What are the Nutrition Facts about Corn?
Corn is a highly nutritious food that is rich in fibre, vitamins, and minerals, as well as carbohydrates, and it also has a comparatively low protein and fat content.
Various nutrients are found in one cup (164 grammes) of sweet yellow corn:
- caloric intake: 177 caloric
- 41 grammes of carbs
- 5.4 grammes of protein
- 2.1 grammes of fat
- 4.6 grammes of fibre
- 17 percent of the daily requirement for vitamin C (DV)
- Thiamine, a vitamin B1, contains 24% of the DV.
- Vitamin B9 folate: 19% of the daily value
- eleven percent of the DV for magnesium
- 10% of the DV for potassium
The majority of the carbohydrates in corn come from starch, which, depending on how much you eat, can quickly spike your blood sugar. However, it also has a lot of fibre, which can help regulate your blood sugar.
Most people can benefit from consuming whole corn and popcorn as a balanced diet because of their outstanding nutritional profile. Additionally, it is a naturally gluten-free dish, so individuals who avoid gluten can consume it.

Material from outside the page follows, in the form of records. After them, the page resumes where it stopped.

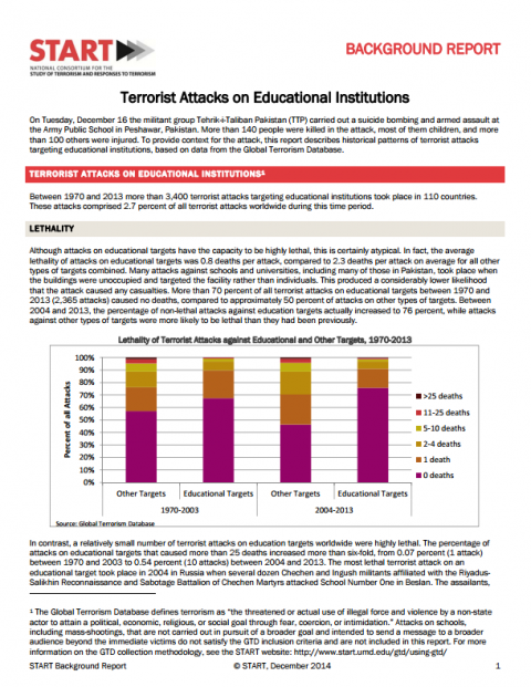 Terrorist Attacks on Educational Institutions Année de publication: 2014 Auteur: Erin Miller Auteur institutionnel: National Consortium for the Study of Terrorism and Responses to Terrorism (START) | Department of Homeland Security Science and Technology Le rapport revient sur les attaques terroristes qui ont ciblé les institutions éducatives depuis 1970. A partir de cette année, on dénombre plus de 3.400 attaques terroristes qui avaient pour cible les institutions éducatives, dans 110 pays. Ces attaques représentent 2,7 % de l’ensemble des attaques terroristes perpétrées à travers le monde au cours de cette période.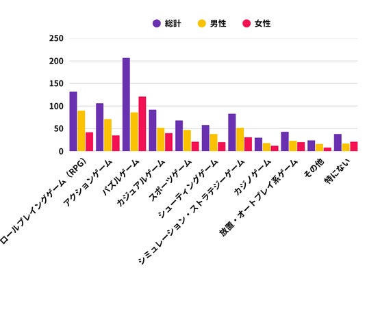 女性はパズルを約61%と圧倒的に好むのに対し、男性はRPG(男性35% 対 女性21%)、アクション(男性28% 対 女性18%)、スポーツゲーム(男性18% 対 女性11%)を女性より好む傾向があります。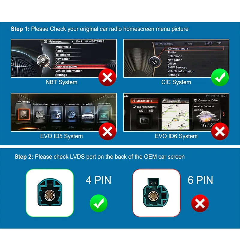 ![]() | Συμβατότητα με το BMW NBT CarPlayΕλέγξτε εάν η BMW σας λειτουργεί με το κουτί αποκωδικοποίησης CarPlay μας επιβεβαιώνοντας το σύστημα NBT και τη θύρα LVDS 6 ακίδων BMW NBT CarPlay CompatibilityCheck If Your BMW Works with Our CarPlay Decoder Box by Confirming NBT System and 6 – PIN LVDS Port |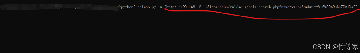 執(zhí)行命令:python2 sqlmap.py -u "http://192.168.121.151/pikachu/vul/sqli/sqli_search.php?name=vince&submit=%E6%90%9C%E7%B4%A2"

On the other hand, processed corn products may not be especially nutrient-dense since, during manufacture, healthy fibre and other nutrients are removed from refined oil, syrup, and chips. Additionally, many processed foods have a lot of extra fat, sugar, or salt.
What are the Health Benefits of Eating Corn?

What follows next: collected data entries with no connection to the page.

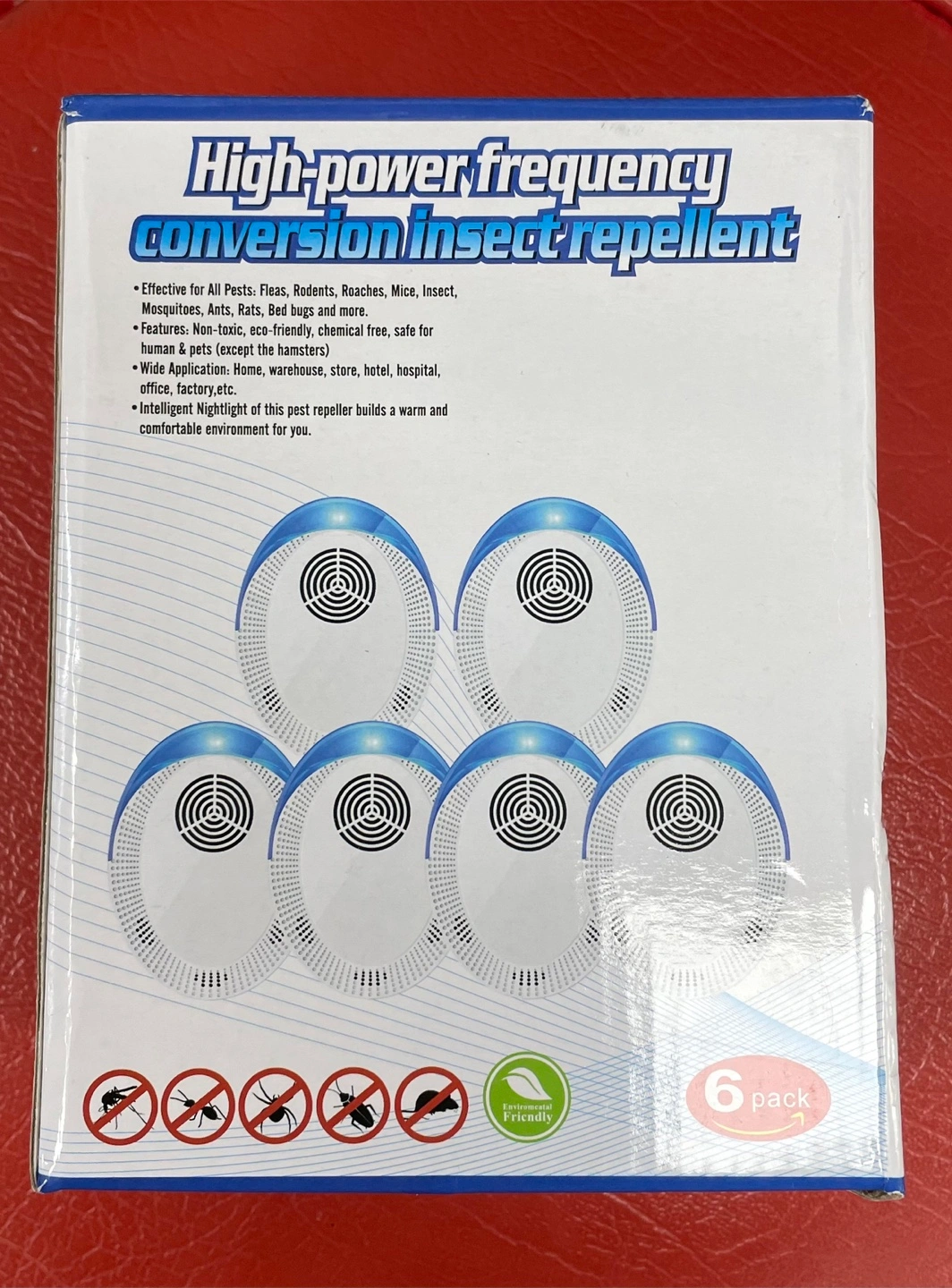 Get rid of those pesky pests with this high-power frequency conversion insect repellent! This 6-pack is effective for fleas, rodents, roaches, mice, insects, mosquitoes, ants, rats, bed bugs, and more. It's non-toxic, eco-friendly, and chemical-free, making it safe for humans and pets (except hamsters). Great for home, warehouse, store, hotel, hospital, office, or factory use. It even has an intelligent nightlight to build a warm and comfortable environment
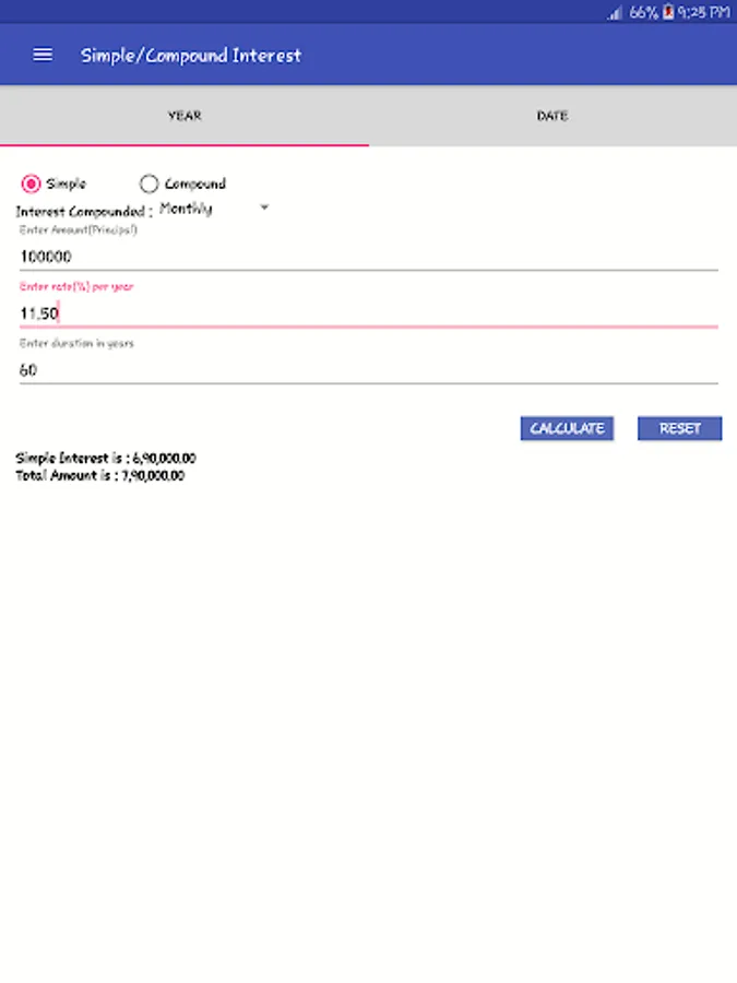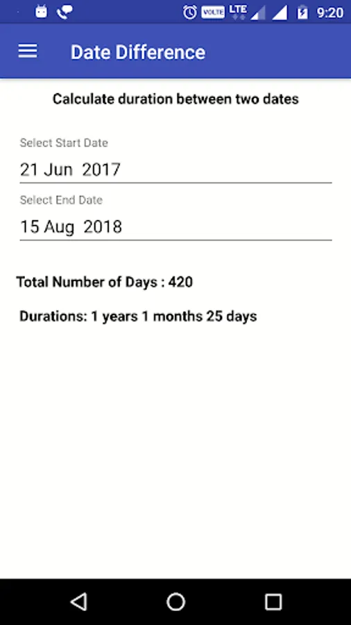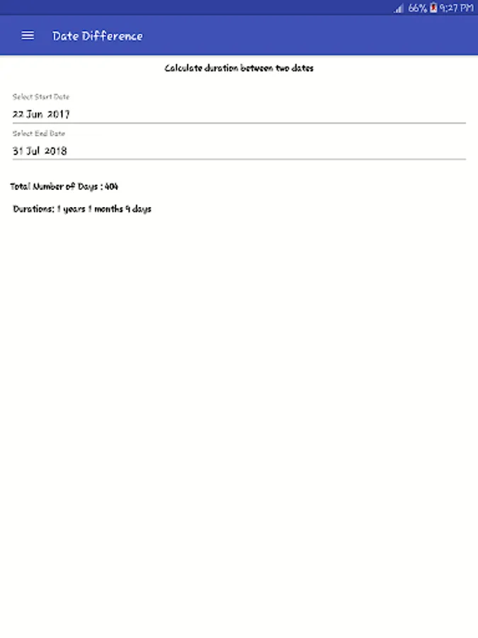 Android 3.0 or later version: The user can give time in years or can selects dates.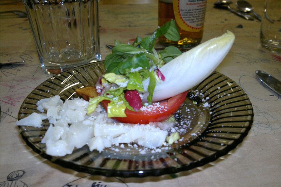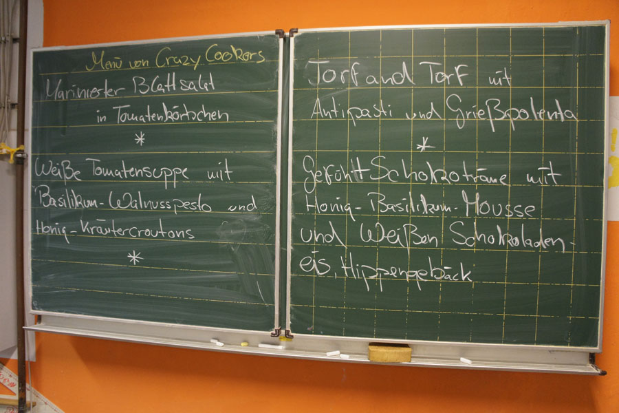 In der letzten Woche fand ein gastronomischer Workshop in der Küche von Schule & Beruf statt. Die TeilnehmerInnen erhielten einen Einblick in die Arbeitsweise einer Restaurantküche. Sie erlernten Tricks und Kniffe, die der Zubereitung eines 4-Gang-Menüs dienten. Die Vorbereitung für das Menü benötigte viel Zeit, so dass bereits am Montag damit begonnen wurde. Alle TeilnehmerInnen, die dem Workshop beiwohnten, waren erst etwas unmotiviert, doch von Tag zu Tag entwickelten sie mehr Interesse und Begeisterung für gastronomische Ausbildungsberufe und die Arbeit in der Küche. Die TeilnehmerInnen wurden nicht nur innerhalb der Küche eingewiesen, sondern auch im Punkt Hygiene geschult.Am Freitag wurde dann das 4-Gang-Menü präsentiert und an einer großen Tafel angerichtet. Alle TeilnehmerInnen freuten sich über das leckere Essen und die tollen Erfahrungen, die Sie während der Woche machen durften.Fotos vom 4-Gänge-Menü:

Eating corn has a variety of health advantages. However, the advantages vary a little depending on whether you’re consuming popcorn or sweet corn.

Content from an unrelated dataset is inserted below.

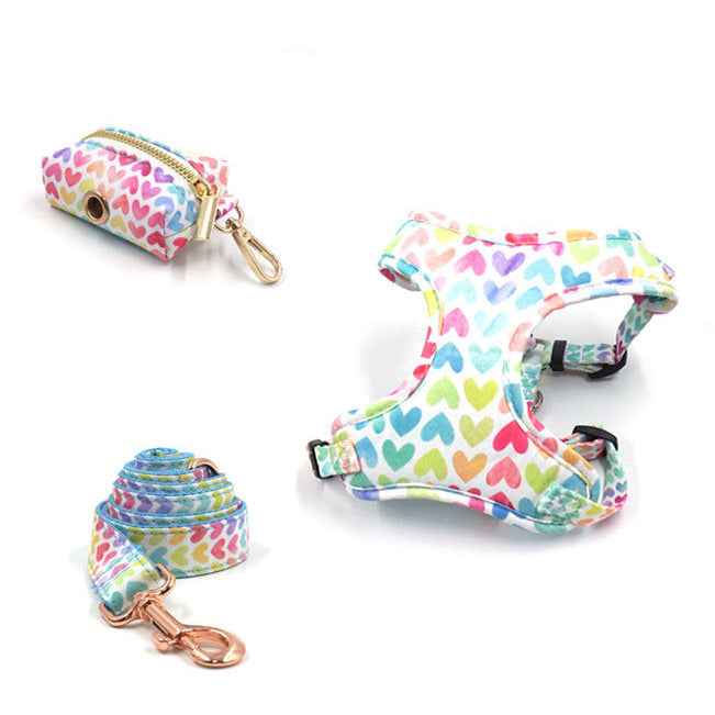 Dog Harness and Leash Set Mesh Padded Soft Pet Harness for Small Dogs Blueberry Pattern Luxury Custom Name Dog Collar Adjustable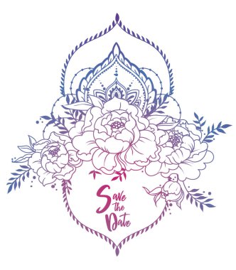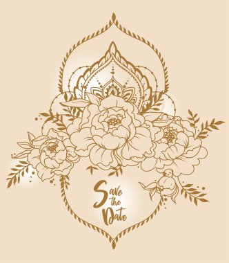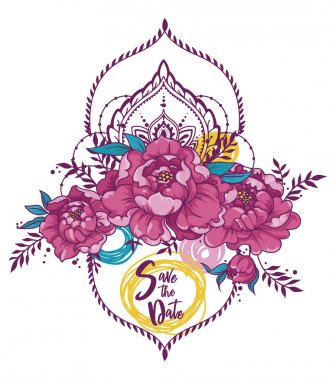 romantik yıldönümü afiş yutmak, şakayık çiçekleri ve dekoratif çerçeveler, vektör çizim ile için

Whole grains include corn, and the complete grain is what is meant by the term “whole grain.” The most nutrient-dense grains are whole grains, a source of fibre, vitamins, and minerals, and vitamin A levels in corn are significantly higher than in other cereals. Additionally, it is a fantastic antioxidant source.
Corn is regarded as a starchy vegetable as well. It contains less sodium, sugar, and fat than certain other starchy vegetables.
Other advantages of corn for health include:
Due to the presence of lutein and zeaxanthin, which improve eye health, as well as a variety of beneficial antioxidants and a high fibre content that lowers LDL and prevents diverticular disease.
For best results, blanch your corn on the cob. First, put the cobs in a pot filled with water that has been boiled until it’s hot but not boiling. After four minutes, remove the cobs with tongs and plunge them into an ice bath. Let the cobs sit for five minutes before draining and patting them dry with paper towels. The moisture that remains on the cob will turn into frost as it freezes.
Another option is to use freezer bags. You can use gallon zip lock freezer bags to store the corn and close the top tightly to keep air out. You can reuse the freezer bags by sliding the corn kernels out of the bag. This method is best for short-term storage because it prevents cobs from becoming soggy. Moreover, it prevents the corn kernels from becoming soft and mushy.